Justices affirm suits on retaliation in race cases (May 27, 2008)
One term after taking on race issues in a deeply divisive school desegregation case, the Supreme Court again weighed in on the subject in the employment context.
The case, CBOCS West, Inc. v. Humphries, No. 06-1431, raises the question whether federal civil rights law permits workers to bring retaliation claims against employers. It was brought by Hendrick Humphries, an African-American, who was an associate manager at a Cracker Barrel restaurant owned by CBOCS.
After he was fired, Humphries filed a lawsuit claiming discrimination and retaliation under 42 U.S.C Section 1981. In his suit, Humphries alleged that one supervisor made overtly discriminatory remarks about African Americans and Mexican Americans, and vowed to give preferential treatment to white employees.
Subsequently, when a supervisor fired an African-American waitress for offenses that were allegedly tolerated from white waitresses, Humphries complained to a district manager. That manager did not welcome Humphries's intervention. Shortly thereafter, one of Humphries's supervisors claimed that he left a safe in the restaurant unlocked overnight, and fired him without further investigation. Humphries claimed that he was terminated to avenge his effort to promote a colorblind workplace.
Section 1981, which derives from the Civil Rights Act of 1866, states in part that "All persons within the jurisdiction of the United States shall have the same right in every State and Territory to make and enforce contracts, to sue, be parties, give evidence, and to the full and equal benefit of all laws and proceedings for the security of persons and property as is enjoyed by white citizens, and shall be subject to like punishment, pains, penalties, taxes, licenses, and exactions of every kind, and to no other."
The Supreme Court indicated in 1989 that the statute, which protects citizens' right to "make and enforce" contracts, including employment contracts, does not explicitly state a cause of action for post-contract behavior such as retaliation against those who speak up against employment discrimination. In response to that holding, in Patterson v. McLean Credit Union, 491 U.S. 164 (1989), Congress amended Section 1981 in 1991.
In the 16 years since that amendment, the federal circuit courts have still been unable to reach a uniform position on whether the statute entitles workers to sue their employers for retaliation.

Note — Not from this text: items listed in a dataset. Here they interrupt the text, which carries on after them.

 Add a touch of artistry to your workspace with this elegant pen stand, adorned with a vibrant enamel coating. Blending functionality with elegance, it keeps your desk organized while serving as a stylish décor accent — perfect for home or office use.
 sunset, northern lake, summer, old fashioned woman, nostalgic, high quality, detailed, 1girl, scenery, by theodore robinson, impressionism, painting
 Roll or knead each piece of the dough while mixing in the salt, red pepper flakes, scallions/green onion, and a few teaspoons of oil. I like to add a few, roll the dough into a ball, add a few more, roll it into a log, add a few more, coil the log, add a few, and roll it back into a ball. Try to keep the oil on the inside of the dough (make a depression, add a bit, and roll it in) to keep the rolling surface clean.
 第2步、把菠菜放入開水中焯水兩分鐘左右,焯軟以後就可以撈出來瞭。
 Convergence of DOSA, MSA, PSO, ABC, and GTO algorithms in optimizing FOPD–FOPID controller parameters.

Humphries lost his case in federal district court but on appeal, the U.S. Court of Appeals for the Seventh Circuit held that Section 1981 does protect against retaliation. Judges Ann Williams and Richard Posner reasoned that Congress intended to repudiate the Court's narrow, text-driven view of the law.

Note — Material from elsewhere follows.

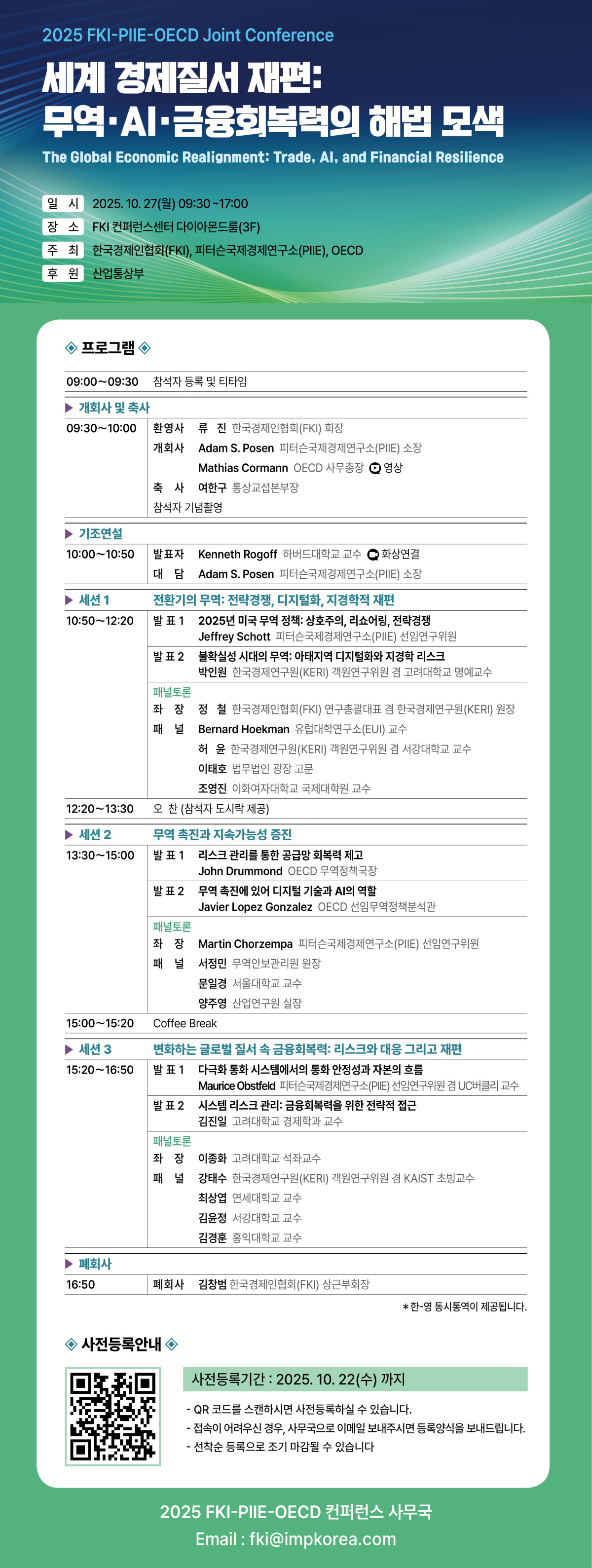ÇѰæÇù°ú ¹Ì±¹ ÇÇÅͽ¼±¹Á¦°æÁ¦¿¬±¸¼Ò(PIIE), °æÁ¦Çù·Â°³¹ß±â±¸(OECD)°¡ °øµ¿ °³ÃÖÇÏ´Â À̹ø ÄÁÆÛ·±½º´Â ¡®¼¼°è °æÁ¦Áú¼ ÀçÆí: ¹«¿ª, ÀΰøÁö´É(AI), ±ÝÀ¶ ȸº¹·ÂÀÇ ÇØ¹ý ¸ð»ö¡¯À» ÁÖÁ¦·Î ±¹³»¿Ü ÃÖ°í Àü¹®°¡¸¦ ÃÊûÇÑ´Ù.
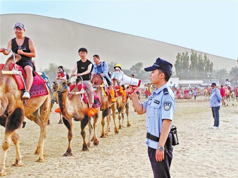 面對隨之而來的社會治安防控壓力,敦煌公安立足旅游特色,結(jié)合夏季治安打擊整治行動,精準(zhǔn)布警、精細(xì)管控、精致服務(wù),時(shí)刻踐行“民警就是導(dǎo)游,隊(duì)伍就是風(fēng)景,管理就是服務(wù),執(zhí)法就是守護(hù)”的敦煌旅游警務(wù)理念,用“5A”警務(wù)服務(wù)“5A”景區(qū)。

In dissent, Judge Frank Easterbrook observed that plaintiffs are permitted to sue for retaliation under Title VII. A lenient interpretation of Section 1981 would simply give them an incentive to sidestep the time-limits and procedurally complex requirements of Title VII.

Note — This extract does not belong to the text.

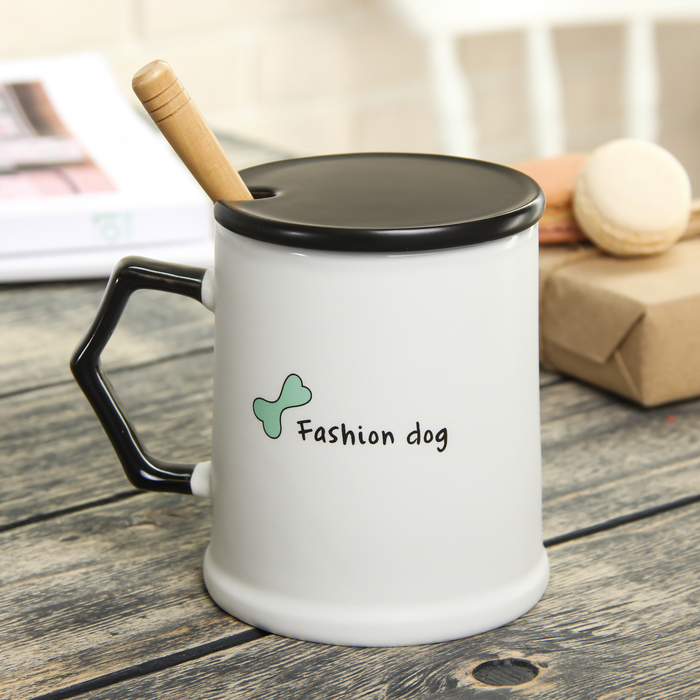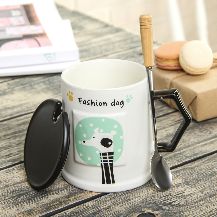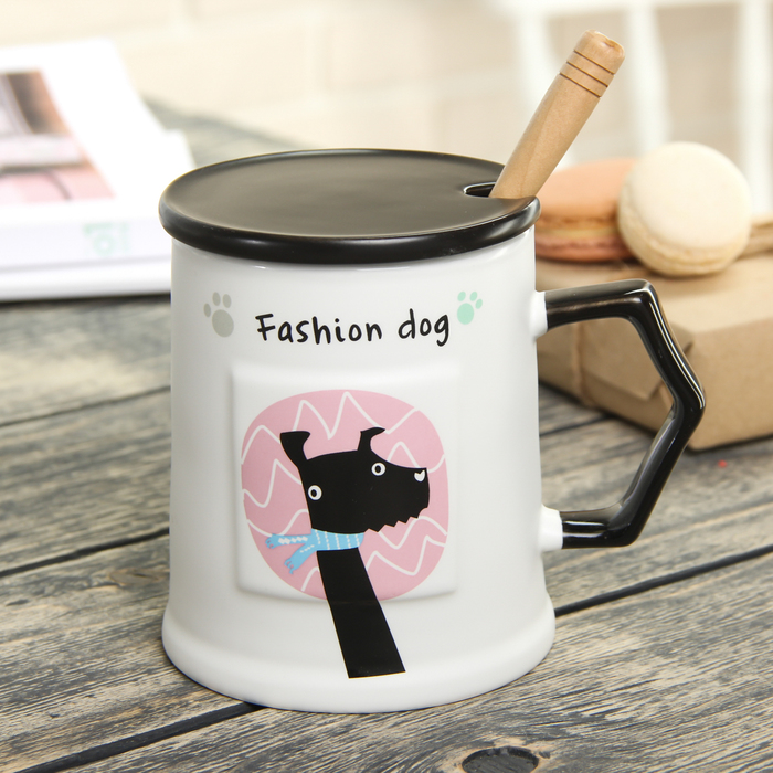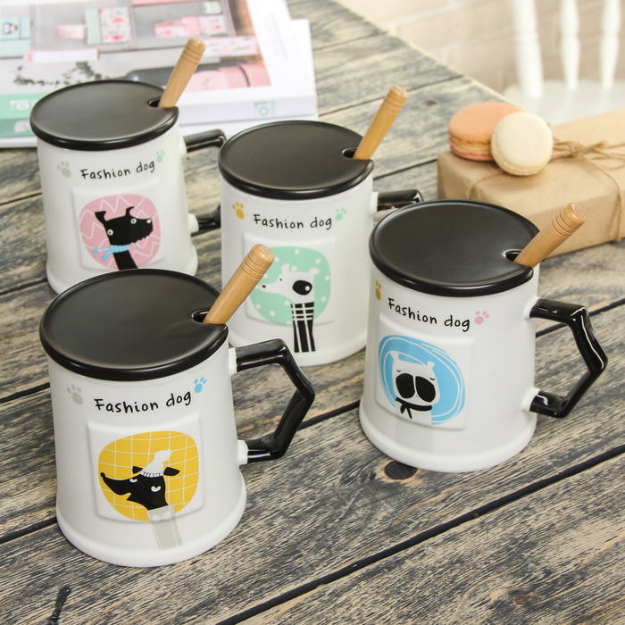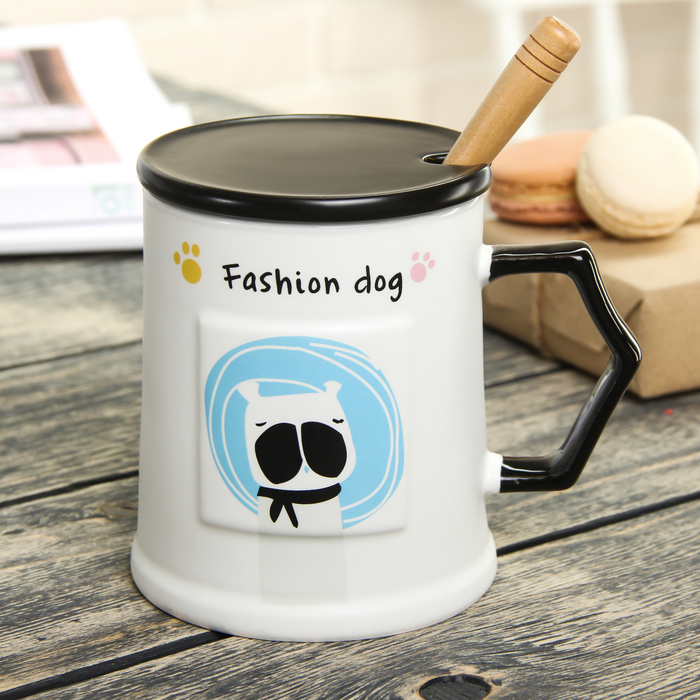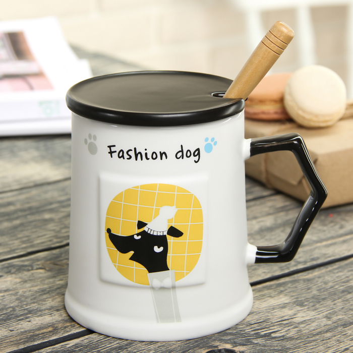 Кружка 400 мл "Собака на стиле", с керамической крышкой и ложкой, рисунок МИКС

On May 27, the Supreme Court upheld the Seventh Circuit's decision, relying on past decisions and legislative intent.
"We agree with CBOCS that the statute's language does not expressly refer to the claim of an individual (black or white) who suffers retaliation because he has tried to help a different individual, suffering direct racial discrimination, secure his §1981 rights. But that fact alone is not sufficient to carry the day," Justice Stephen G. Breyer wrote for the majority. "After all, this Court has long held that the statutory text of §1981’s sister statute, §1982, provides protection from retaliation for reasons related to the enforcement of the express statutory right."
Justice Clarence Thomas, joined by Justice Antonin Scalia, filed a dissenting opinion.
"The court does not even purport to identify any basis in the statutory text for the 'well-embedded interpretation [of the law]' it adopts for the first time today," Thomas asserted.